*Given information*:
■ ■ ■

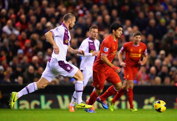 Con el minuto 45 cumplido, segundos antes del pitido final del primer tiempo, Sturridge marcó un gol psicológico para los locales. El internacional inglés definió una jugada colectiva que había iniciado Suárez y logró extender cierto optimismo en Anfield antes del descanso. El partido parecía tomar definitivamente un nuevo cariz cuando en el minuto siete de la segunda parte el árbitro señaló un controvertido penalti a favor de los locales que se encargó de convertir el capitán Steven Gerrard. Suárez se internó en el área con el balón controlado y se abrió hacia la izquierda ante la salida del portero, que alargó la mano cuando el delantero se había quedado casi sin ángulo y rozó aparentemente el pie del astro uruguayo, que se fue al suelo.
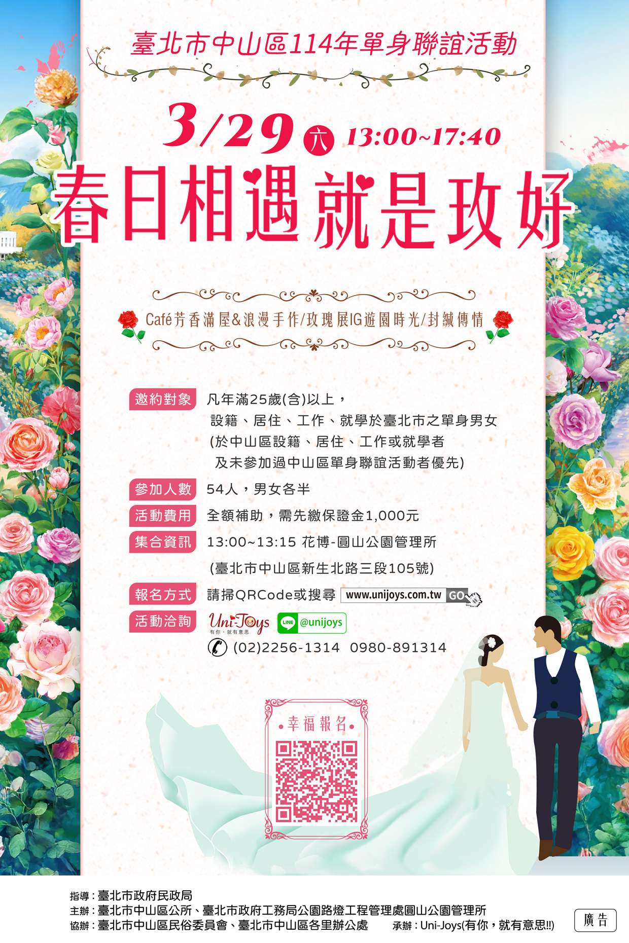 四、活動名額為男、女各27人,共54人,歡迎年齡25歲以上設籍於本市或於本市居住、工作、就學之單身者踴躍報名參加(於中山區設籍、居住、工作或就學者及未參加過中山區單身聯誼活動者優先),活動詳情請參閱臺北市中山區公所官網(https://zsdo.gov. taipei/)或電洽(02)25031369分機593鍾小姐。
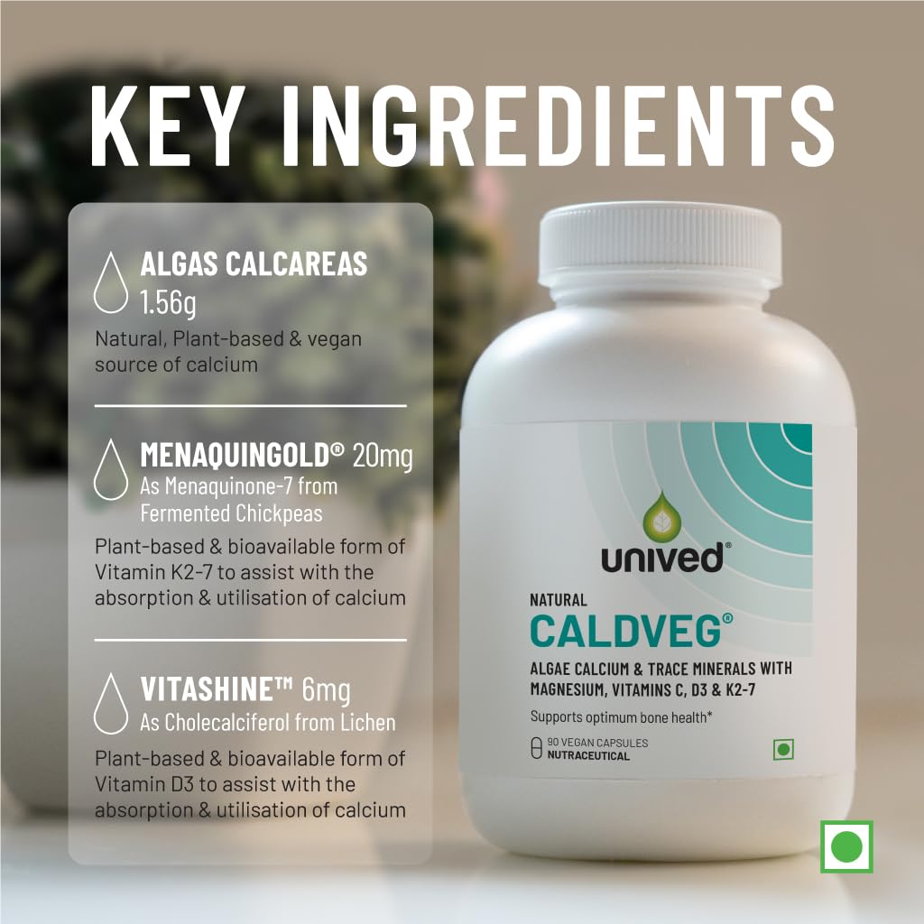 CalDveg is a 100% natural high absorption formula to keep bones strong and healthy; It's formulated with 500mg Algae calcium 82mg Algae Magnesium 80mg plant-based Vitamin C 600 I.U. plant-based Vitamin D3 & 50mcg natural Vitamin K2-7 for optimum bone health and healthy bone ageing; Essential for individuals suffering from osteoporosis and low bone density Suitable for vegetarians;

■ ■ ■

*Exercise instructions*: With pictures left out, extract the lines from the one containing "四、活動名額為男、女各27人" to the end of the material above, both included, exactly as written.

*Task solution*:
 四、活動名額為男、女各27人,共54人,歡迎年齡25歲以上設籍於本市或於本市居住、工作、就學之單身者踴躍報名參加(於中山區設籍、居住、工作或就學者及未參加過中山區單身聯誼活動者優先),活動詳情請參閱臺北市中山區公所官網(https://zsdo.gov. taipei/)或電洽(02)25031369分機593鍾小姐。
 CalDveg is a 100% natural high absorption formula to keep bones strong and healthy; It's formulated with 500mg Algae calcium 82mg Algae Magnesium 80mg plant-based Vitamin C 600 I.U. plant-based Vitamin D3 & 50mcg natural Vitamin K2-7 for optimum bone health and healthy bone ageing; Essential for individuals suffering from osteoporosis and low bone density Suitable for vegetarians;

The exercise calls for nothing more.